UN Secretary General calls for investigation over deadly Gaza clashes
UN Secretary General calls for investigation over deadly Gaza clashes

The UN Secretary General has called for “an independent and transparent investigation” into Friday’s deadly clashes on the border between Gaza and Israel.

At least 17 Palestinians were killed and hundreds injured – according to Palestinian officials – as Israeli forces confronted one of the largest Palestinian demonstrations in recent years. The United Nations Security Council was briefed on the violence and condemned it after an emergency session.

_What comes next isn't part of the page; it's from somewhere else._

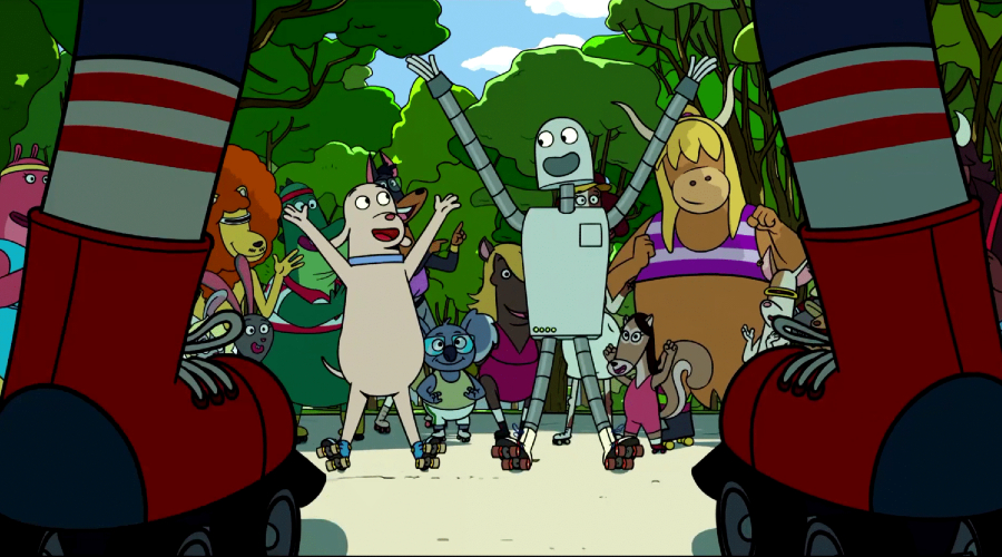 Berger adapta el cómic homónimo de la historietista Sara Varon (publicado en 2007) y le otorga, como un pase de magia, sonido y movimiento a sus viñetas: mantiene la línea clara, el naturalismo de su paleta de colores y el diseño sintético de los personajes, prescindiendo del diálogo. Todo en Mi amigo robot planta bandera -sin aspavientos, pero con decisión- por un minimalismo extremo. El protagonista, un perro llamado Dog, padece la soledad de las grandes metrópolis en la Manhattan de la década del 80. Un aviso televisivo convence a Dog de pedir un compañero mecánico, un robot al cual conoceremos como -ya lo habrán adivinado- Robot. Entre ambos florece un vínculo tierno y profundo lleno de posibilidades que se multiplican a medida que recorren las calles soleadas al ritmo de «September», el himno disco de Earth, Wind & Fire: “Nuestros corazones sonaban/en la clave que nuestros corazones cantaban”.

A spokesman for Antonio Guterres, the UN Secretary General, said he wanted an investigation. “He also appeals to those concerned to refrain from any act that could lead to further casualties and in particular any measures that could place civilians in harm’s way,” Farhan Haq said in a statement, as reported by Euronews.

Friday was the deadliest day for four years in the conflict between Israel and the Palestinians and there are fears the situation may deteriorate in the coming days. The Palestinian envoy to the UN Riyad Mansour told the council at least 17 Palestinian civilians were killed and more than 1,400 injured.

On Friday, tens of thousands of Palestinians – including families with children – gathered at encampments a few hundred metres from the Israeli security barrier with the Hamas-run enclave.

The demonstrators are demanding that Palestinian refugees be allowed to return to towns and villages their families fled from, or were driven out of, when the state of Israel was created in 1948.

Organisers from several factions including Hamas have called for people to demonstrate in tent cities in five locations, as part of a six-week protest. But during the day, hundreds of Palestinian youths ignored calls from the organisers and the Israeli military to stay away from the frontier, where more than 100 army sharpshooters had been deployed in anticipation of trouble.

Heavy Israeli earth-moving vehicles added to a series of dirt mounds on the Israeli side of the fence against any mass attempt to breach the barrier.

Israel has blamed “the Hamas terror organisation” for being responsible for violent riots – accusing the Islamist movement of inciting trouble and using people as human shields. One of the dead, a Gaza farmer, was killed before Friday’s protest started by an Israeli tank shell in the southern Gaza Strip.

Hamas, the militant group that dominates the Gaza Strip, has accused Israel of trying to intimidate Palestinians by killing the farmer and by urging them not to participate in the protests.